Enhancing Classification with Hierarchical Scalable Query on Fusion Transformer

Real-world vision based applications require fine-grained classification for various area of interest like e-commerce, mobile applications, warehouse management, etc. where reducing the severity of mistakes and improving the classification accuracy is of utmost importance. This paper proposes a method to boost fine-grained classification through a hierarchical approach via learnable independent query embeddings. This is achieved through a classification network that uses coarse class predictions to improve the fine class accuracy in a stage-wise sequential manner. We exploit the idea of hierarchy to learn query embeddings that are scalable across all levels, thus making this a relevant approach even for extreme classification where we have a large number of classes. The query is initialized with a weighted Eigen image calculated from training samples to best represent and capture the variance of the object. We introduce transformer blocks to fuse intermediate layers at which query attention happens to enhance the spatial representation of feature maps at different scales. This multi-scale fusion helps improve the accuracy of small-size objects. We propose a two-fold approach for the unique representation of learnable queries. First, at each hierarchical level, we leverage cluster based loss that ensures maximum separation between inter-class query embeddings and helps learn a better (query) representation in higher dimensional spaces. Second, we fuse coarse level queries with finer level queries weighted by a learned scale factor. We additionally introduce a novel block called Cross Attention on Multi-level queries with Prior (CAMP) Block that helps reduce error propagation from coarse level to finer level, which is a common problem in all hierarchical classifiers. Our method is able to outperform the existing methods with an improvement of ~11% at the fine-grained classification.

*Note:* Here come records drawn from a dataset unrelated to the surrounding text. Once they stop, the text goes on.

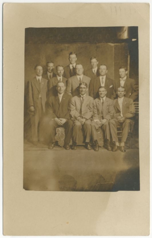 Unbound. Very Good. Real photo post card. Split back for name and address and correspondence. Mailed and dated in 1910. Misprinted by the photographer, there is a slight misallignment in the image, else very good. Mailed from Reading to Bucks County, Pennsylvania. Image of twelve men dressed in suits and ties, the message says "All these boys are working for The Pittsburgh Company." Real photo postcards came about when Kodak manufactured a camera for amateurs that allowed the photographer to make larger size images that could be printed on a "post card" back card. As these were usually only printed in very small numbers and usually non-professionally they are generally considered amongst the most desirable forms of post card and are highly collectible.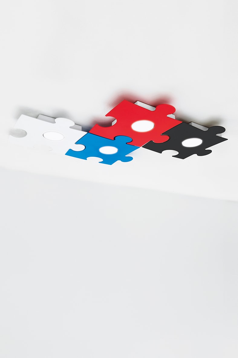 Lampada a soffitto e a parete con struttura in metallo dalla forma particolare e divertente: pi? apparecchi si possono accostare tra loro creando composizioni personalizzate nei colori e nella disposizione degli elementi (tramite intervento di personale specializzato). Disponibile in quattro finiture: bianco, nero, rosso e azzurro. Cablata con atta cco GX53 che consente di montare lampadina LED.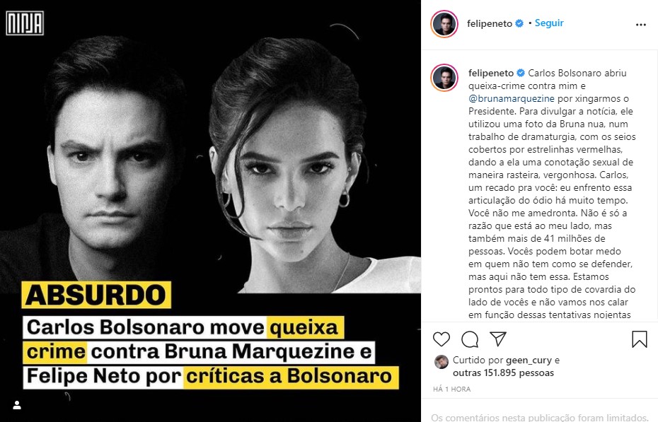 "Carlos Bolsonaro abriu queixa-crime contra mim e Bruna Marquezine por xingarmos o Presidente. Para divulgar a notícia, ele utilizou uma foto da Bruna nua, num trabalho de dramaturgia, com os seios cobertos por estrelinhas vermelhas, dando a ela uma conotação sexual de maneira rasteira, vergonhosa", disparou o youtuber.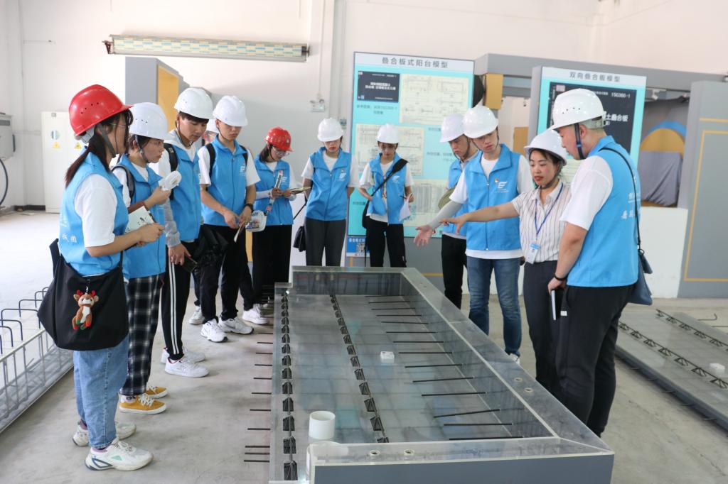 实践团成员来到广西装配式建筑工程实践教学基地,在贺州学院建筑与电气工程学院张金丹老师的带领下,实践团成员参观广西装配式建筑工程实践教学基地。于调研期间,张金丹老师通过讲解、视频等方式,为实践团成员介绍了各类装配式混凝土构件的钢筋构造,构件连接,施工过程等。实践团成员直观了解到装配式混凝土构件,从绑扎钢筋到构件成品,从构件成品到建筑工法楼,展示全产业链的生产施工流程。实践团成员在此大开眼界,学习书本之外的知识,增添了丰富的知识阅历。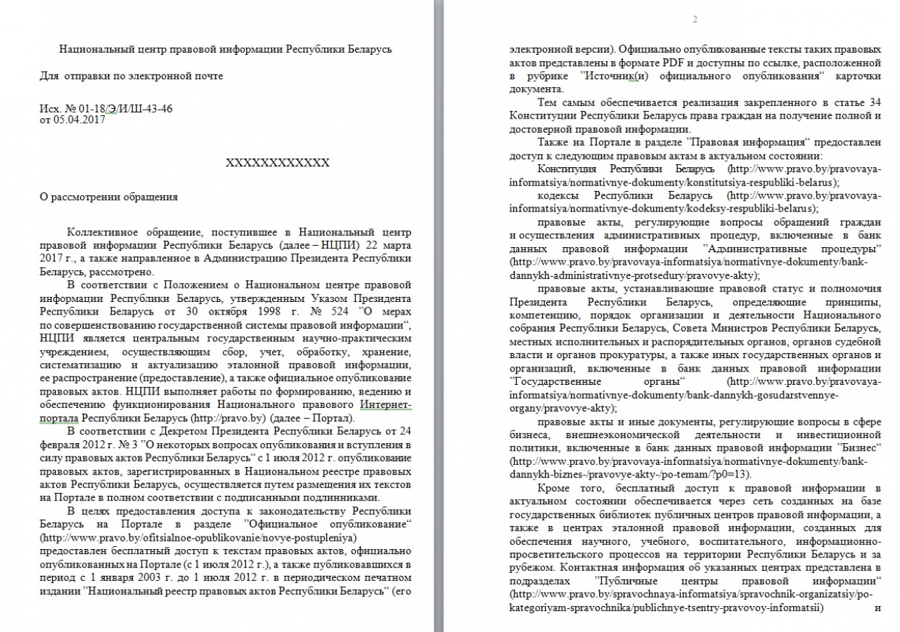Считаем, что отсутствие возможности доступа к актуальным текстам правовых актов нарушает наши права, изложенные в Статье 34 Конституции Республики Беларусь, и препятствует выполнению обязательств по соблюдению законов РБ, закрепленную Статьей 52 Конституции Республики Беларусь.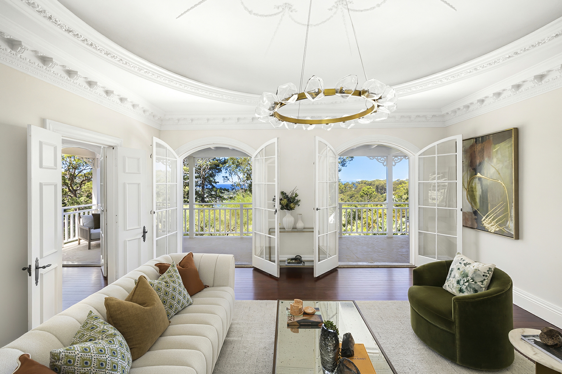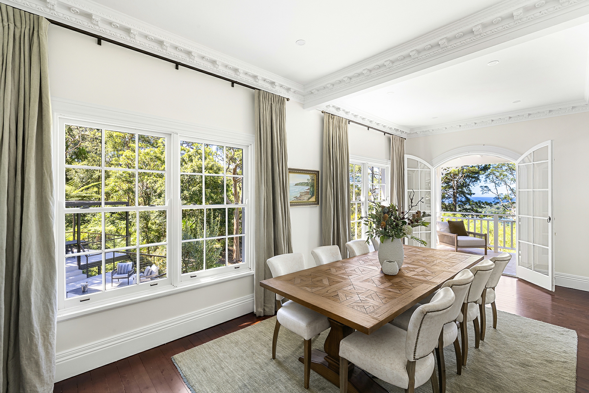 Commanding just over an acre, this exquisite single level residence embodies a sense of quiet grandeur and enduring prestige reserved for truly exceptional blue ribbon estates. Period elegance defines the interiors through ornate plasterwork and refined picture windows, while etched limestone detailing enriches the exterior, framing leafy outlooks across boat studded Pittwater to the ocean, where the moon casts its evening glow. Grand yet deeply liveable, it offers a rare sense of scale without excess, inviting long lunches on the verandah or alfresco pavilion, unhurried afternoons in the sun drenched garden and an immediate exhale on arrival. Privacy is complete and nature feels ever present, with wallabies a familiar sight, while village shops and cafés remain close at hand. A unique coastal home for those unwilling to compromise on style, serenity or address.

翻译：现实世界中基于视觉的应用需要对各类感兴趣区域（如电子商务、移动应用、仓库管理等）进行细粒度分类，其中降低错误严重性并提升分类精度至关重要。本文提出一种通过可学习独立查询嵌入的分层方法来增强细粒度分类性能。该方法通过分类网络以逐阶段顺序方式利用粗粒度类别预测提升细粒度类别精度。我们利用层级概念学习可跨所有层级扩展的查询嵌入，从而使其在包含大量类别的极端分类场景下仍具适用性。查询向量采用从训练样本中计算的加权特征图像初始化，以最佳表征并捕获目标的方差特性。我们引入Transformer模块来融合查询注意力发生的中间层，以增强不同尺度特征图的空间表征能力。这种多尺度融合有助于提升小尺寸目标的分类精度。针对可学习查询的唯一表征，我们提出双管齐下的方法：首先，在每个层级中利用基于聚类的损失函数确保跨类别查询嵌入间的最大分离度，从而在高维空间学习更优的查询表征；其次，将粗粒度层级查询与经可学习缩放因子加权的细粒度层级查询进行融合。此外，我们创新性地提出基于先验的多级查询交叉注意力模块（CAMP），该模块能有效减少层级分类器中常见的粗粒度向细粒度层级传播的错误问题。本方法在细粒度分类任务上相较现有方法实现了约11%的性能提升。